Your logic doesn't make much sense to me here. Nobody claimed that the principle of relativity required every physical quantity to transform as a tensor. I don't see the relevance of your example about the photon.

16. Dec 25, 2015

### PFfan01

Traditionally, “Lorentz invariance” refers to all mathematical equations expressing the laws of nature must be invariant in form only under the Lorentz transformation, and they must be Lorentz scalars, four-vectors, or four-tensors... (see p. 540 of ref. 25, for example). In other words, the Lorentz invariance is a single requirement that combines the two postulates together, and it is equivalent to the two postulates [45].
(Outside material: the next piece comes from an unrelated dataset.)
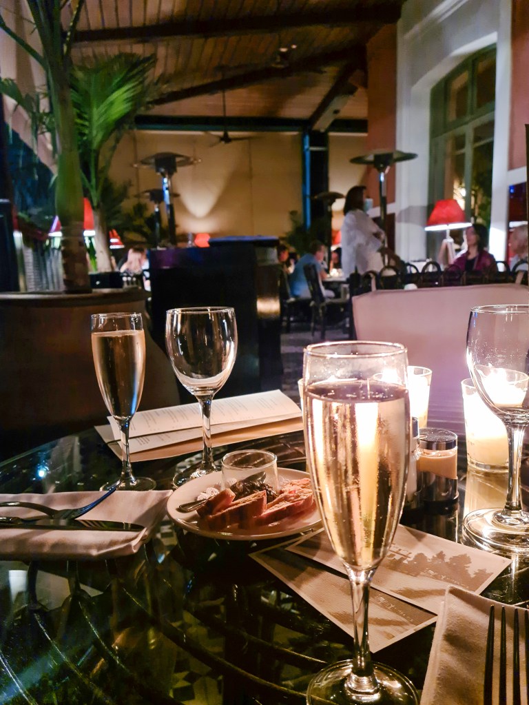 Given the choice, we dine outside (it’s late February but it’s still warm enough) on the colonial-style veranda. Alcohol laws in Marrakech are such that public consumption of alcohol isn’t permitted, but the tree-lined veranda area is shielded enough to allow guests to enjoy a glass of wine al fresco.

25. J.D. Jackson. Classical electrodynamics. 3rd ed. John Wiley & Sons, Hoboken, NJ. 1999.
45. W. Pauli. Theory of relativity. Pergamon Press, London. 1958. p. 21.

Last edited: Dec 25, 2015
17. Dec 25, 2015

### PFfan01

It is exactly what I mean.
This article also claims the same thing: "... the momentum and energy densities themselves cannot directly constitute a four-vector, ..."
Can. J. Phys. 93: 1510–1522 (2015) dx.doi.org/10.1139/cjp-2015-0167.